## WHAT TO WORK ON
Write out exactly the lines from the one containing "A delicious and" through the last line of the records below, both included, and leave out any pictures.

## SOURCE INFORMATION
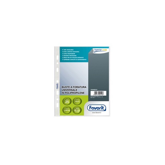Buste forate Special PP - Superior - liscio - 15 x 21 cm - trasparente - Favorit - conf. 25 pezzi
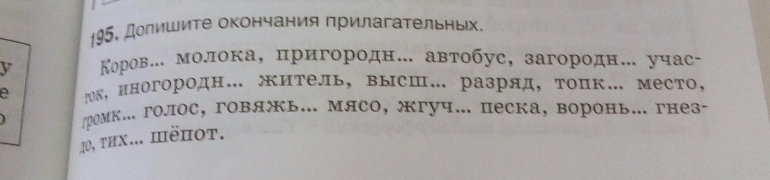 КоровьЕГО молока (Р.п.), пригороднЫЙ автобус, загороднЫЙ участок, иногороднИЙ житель, высшИЙ разряд, топкОЕ место, громкИЙ голос, говяжьЕ мясо, жгучЕГО песка (Р.п.), вороньЕ гнездо, тихИЙ шёпот.
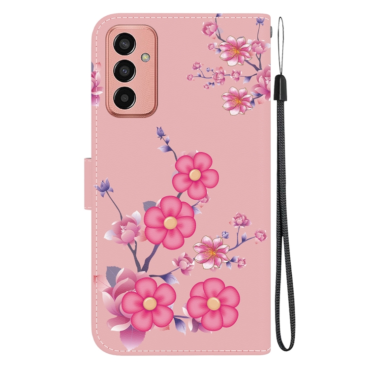 Funda de Cuero Samsung Galaxy M13 4G con Dibujo Coloreado Textura de Cristal (Flores de Cerezo)
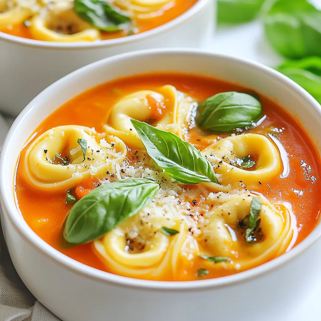A delicious and creamy soup featuring tortellini, tomatoes, and fresh basil.
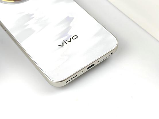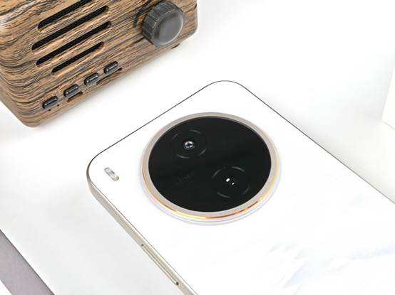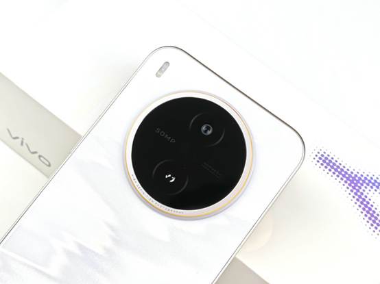 背部的视觉焦点,无疑是那个硕大的圆形相机模组。vivo为其命名为「浮光跃金镜环」——环绕镜头模组的金属外圈采用航空铝精密雕琢,底座环圈以高级制表工艺镌刻齿轮纹理,棱角分明,坚固耐用。并可以为镜头玻璃提供物理保护,降低平放桌面时的磨损风险。

## FINAL ANSWER
A delicious and creamy soup featuring tortellini, tomatoes, and fresh basil.
 背部的视觉焦点,无疑是那个硕大的圆形相机模组。vivo为其命名为「浮光跃金镜环」——环绕镜头模组的金属外圈采用航空铝精密雕琢,底座环圈以高级制表工艺镌刻齿轮纹理,棱角分明,坚固耐用。并可以为镜头玻璃提供物理保护,降低平放桌面时的磨损风险。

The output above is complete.